Based on the recommendation above JetBlue should look at the current prices for fuel and forecast the future prices. From that they can come up with a reasonable set price that they are going to pay for the year or years to come. Once they know this cost they can better determine their overall costs. The company should also begin talks immediately with third party websites. JetBlue should then test out selling different kinds of flights on
these services and see which are more successful. Once the test has ended they should analyze the results, if the results are positive JetBlue should continue the partnership with the third party websites. Finally, JetBlue should focus on training their employees. This can be done in house or with a third party team that trains employees to become more knowledgeable. First, a plan should be set in place determining what kind of knowledge each position should require. Should a flight attendant also know about the local culture of the place the flight is going to?
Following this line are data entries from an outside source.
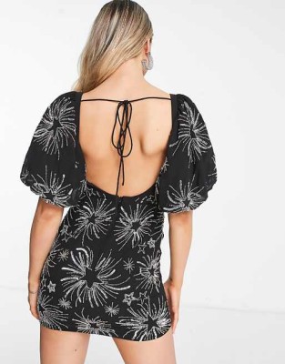 Czarna zdobiona sukienka mini (36) Czarna zdobiona sukienka mini (36)
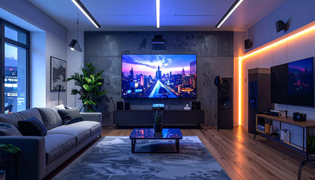 Futuristic living room with a smart technology integration, ambient lighting, large screen, and a cozy sofa set in a modern interior.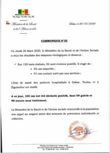 A ce jour, le Sénégal compte 105 cas confirmés de Coronavirus dont 9 guéris et 96 sous traitement.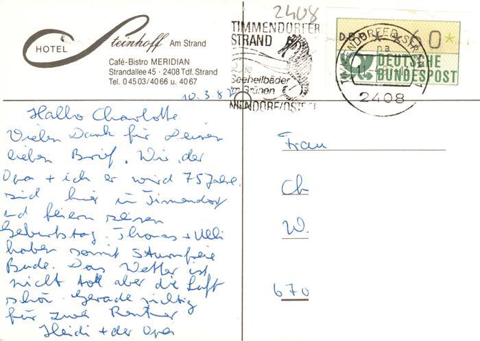 73940366 Timmendorfer Strand Timmendorferstrand Timmendorf Hotel Steinhoff Am Strand Gastraeume postalisch gelaufen Erhaltung siehe scans [FriedD77] alte Postkarte Frie Katcode 11110001055042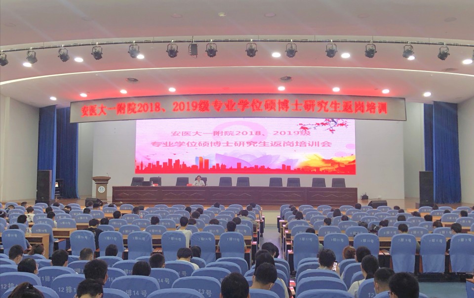 5月27日,医院会议中心召开“2018级、2019级专业学位硕博士研究生返岗培训”,安徽省援鄂第四批医疗队临时党支部书记李永怀、医院感染管理科主任丁萍分别为研究生做思想政治再教育和岗前防护培训。300余名专业学位参加培训,反响热烈。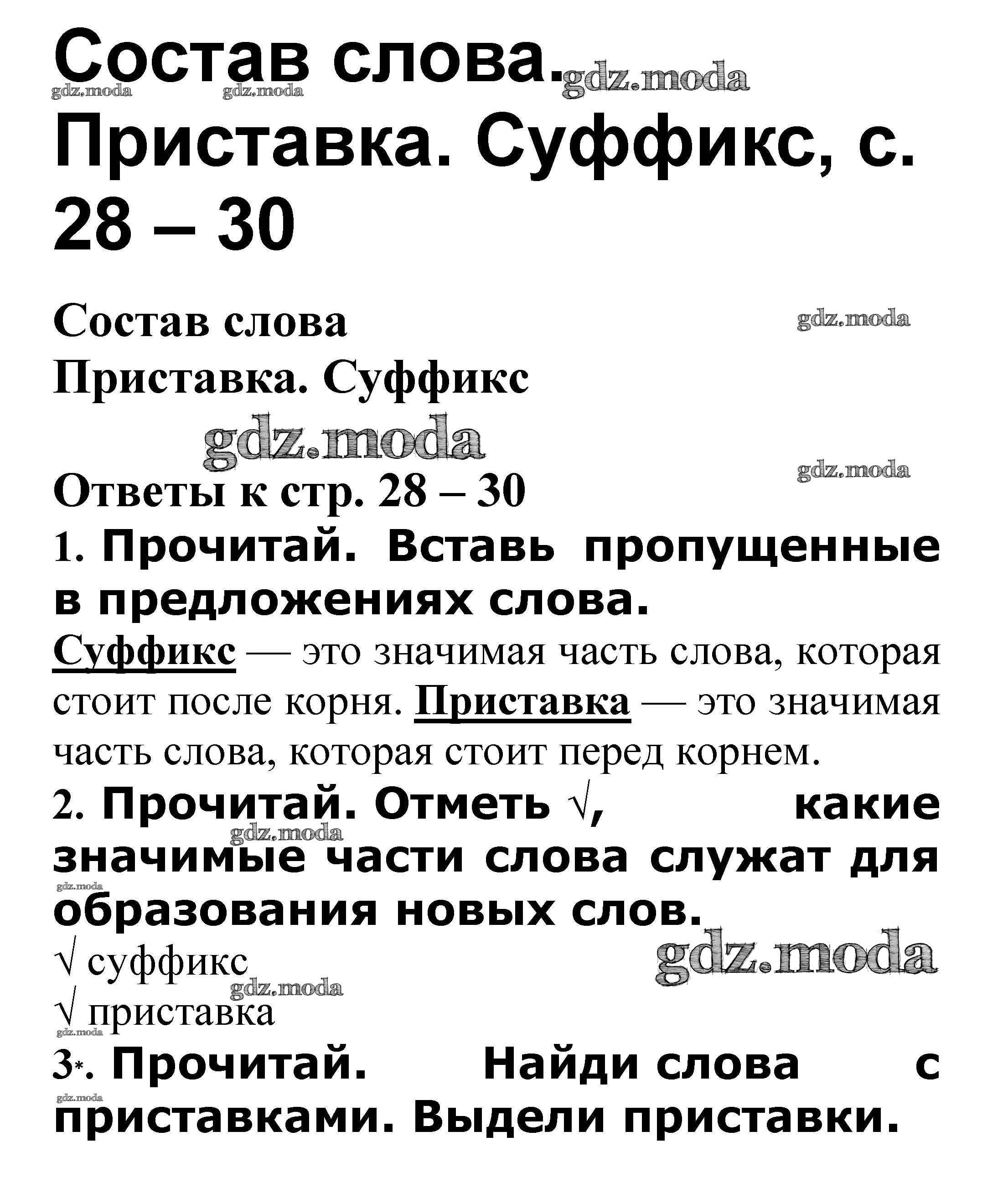 ГДЗ решение к заданию № Приставка. Суффикс стр. 28 – 30 Русский язык 3 класс проверочные работы Канакина В.П. Просвещение 2018 ФГОС бесплатно на гдз.мода!

Should the baggage check employees know where the washrooms are in the Airport? These are questions that need to be addressed. Once each positions requirement has been determined they can then communicate the goals to the employees. Communication is key. It is what will drive the business forward. Building relationships with the employees will trickle down to the customer and to other third parties. It will better our reputation and as the case explains with “The Valentine’s Day Ice Storm at JFK” scenario, reputation is everything in this business.

– Hitt, Ireland, Hoskisson, Rowe, Sheppard. Strategic Management: Competitiveness and Globalization Concepts. Nelson Education, 2009. – Rovenpor, Michel. JetBlue Airways: A Cadre of New Managers Takes Control. Manhattan College, 2008.